Once the execution reaches the HTTP C2 connection method, the malware receives the IP address of a C2 (using the function called getc2addr below) and attempts to connect to it. If the connection is successful, it stores the address on a global variable (using the function called storeasactivec2 below) that will be returned by the getc2addr method on the following connection attempts.
The following image illustrates the getc2addr function. If an active C2 exists, the function always returns the active C2 address (arg0 is always 0 on the first connection attempt). If not, the function will return a hardcoded address, or one of the addresses received through the P2P network.
If the C2 connection attempt fails 16 times, the malware will run a new connectivity check (connecting to Microsoft or Facebook and four randomly generated domains), set the P2P network beacon to a high frequency, and start the real DGA, as shown below.
If the malware finds a real active C2 through the DGA, it will add it to the active C2 global variable and continue connecting to it in the future.

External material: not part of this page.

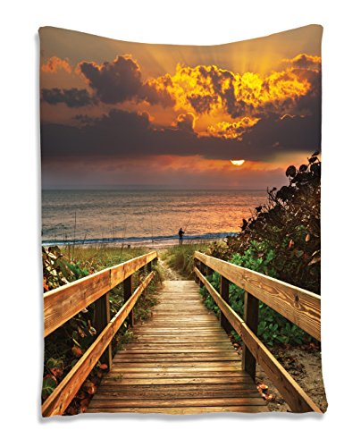 Beach Decor for Fisherman Wooden Bridge Panoramic Sunset Ocean View Nature Art Picture Landscape Seascape Marine House Wall Hanging Tapestry Dorm Bedroom Living Room Decorations, Brown Orange Green

After a brief analysis, we observed that an infected system would only connect to our sinkhole until it found a real active C2 server through its hardcoded list, the DGA or the P2P component. After that, it would only communicate with that same active C2 server (and no longer reach our sinkhole) unless one of the following actions occurred:
- The real C2 stopped responding;
- Thesystem was shut down or hibernated;
- The local network was disconnected.
At this point we determined that the daily average of 50.000 IPs we observed was just the tip of the iceberg, and the Necurs botnet was actually much larger.
Looking closer at the sinkhole connections on the day of the spike, the following chart shows how many different IPs reached our sinkhole during each 1 hour interval.

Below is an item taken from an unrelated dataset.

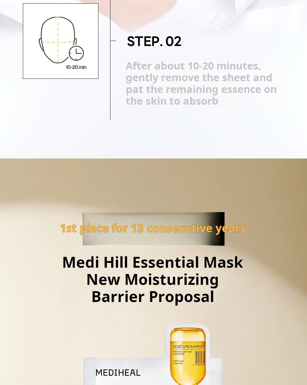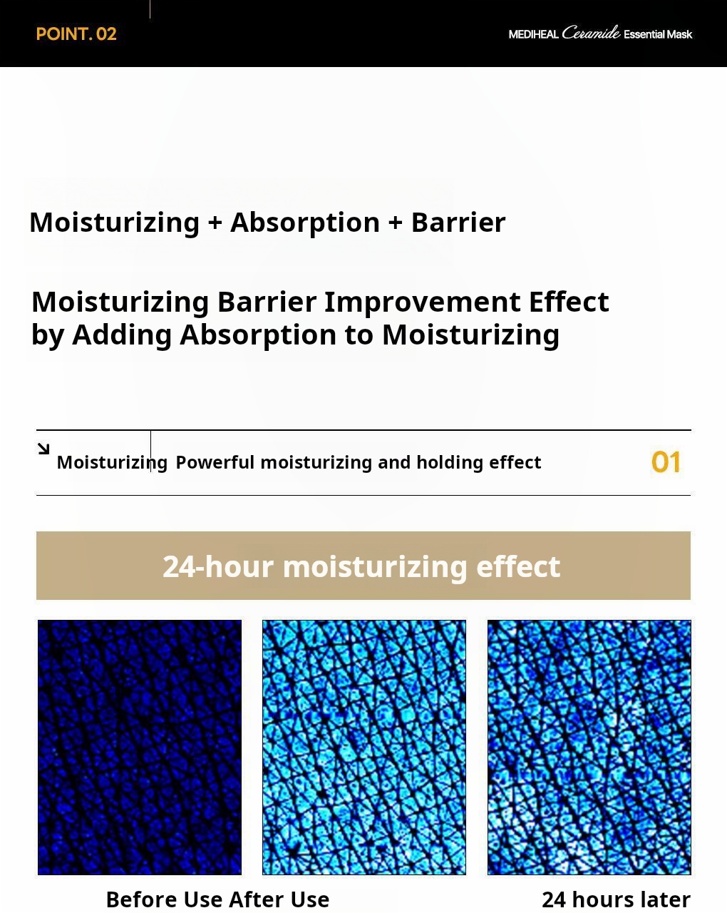 Shows even more powerful moisturizing barrier-enhancing effects by adding absorption to moisturizing. Deeply and quickly fills and locks in moisture without dryness to show moist and elastic skin barrier. Provides long-lasting deep moisturizing that does not dry out for a long time and includes barrier-enhancing effects in one mask sheet for dry and rough skin.

The chart demonstrates that the connections came in spikes, which suggests that the real C2 went offline a few times throughout the day. When it disconnected, the bots began looking for new C2s, causing them to connect t to the sinkhole and result in the spike of connections that we observed.
To confirm this theory, we left an infected system running in a controlled environment for an extended period of time. We were able to see that it lost connectivity to the active C2 and started searching for new C2’s. At the same time of the lost connection, we observed a new spike of a few hundred thousand connections to our sinkhole.

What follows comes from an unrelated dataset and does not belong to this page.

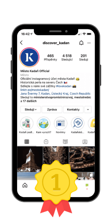 Profil @discover_kadan je na velmi vysoké úrovni po všech směrech a odměnou mu je i zcela nadprůměrný počet sledujících, který je v poměru k počtu obyvatelům města jedním z nejvyšších v celé zemi. Tento účet od nás jako vůbec první v této soutěži dostal plný počet bodů.

So, how big is this botnet? Based on the number of IP addresses connecting to our sinkhole per day, we know that it has more than 650.000 infections. After looking at the chart that shows the first spike, we believe that if the real C2 had not come back online this number would have been considerably higher, making the Necurs botnet one of the biggest active botnets today.
That’s it for this blog post! Keep posted for new developments.
For more information about the Necurs Botnet, check out these interesting reads:
- https://www.virusbulletin.com/virusbulletin/2014/04/curse-necurs-part-1
- https://www.virusbulletin.com/virusbulletin/2014/05/curse-necurs-part-2
- https://www.virusbulletin.com/virusbulletin/2014/06/curse-necurs-part-3
- https://www.johannesbader.ch/2015/02/the-dgas-of-necurs/
- http://www.malwaretech.com/2016/02/necursp2p-hybrid-peer-to-peer-necurs.html
- https://www.microsoft.com/security/portal/threat/encyclopedia/entry.aspx?Name=Trojan:Win32/Necurs
Update 2016-06-01:
Only one day after publishing this blog post, the Necurs C2 went offline for 24 hours straight and we were able to see the whole botnet. In the last 24 hours we have seen over 1 million bots (1.091,024 unique IP addresses) connect to our sinkhole.
The following graph shows the number of unique IPs over a 24 hour window:
The following graph shows the number of unique IPs contacting the sinkhole during each hour:
This 24 hour window was a great chance to see the whole botnet and to confirm that, with more than one million bots, Necurs is one of the biggest botnets active today. Keep posted as we find out more about this botnet!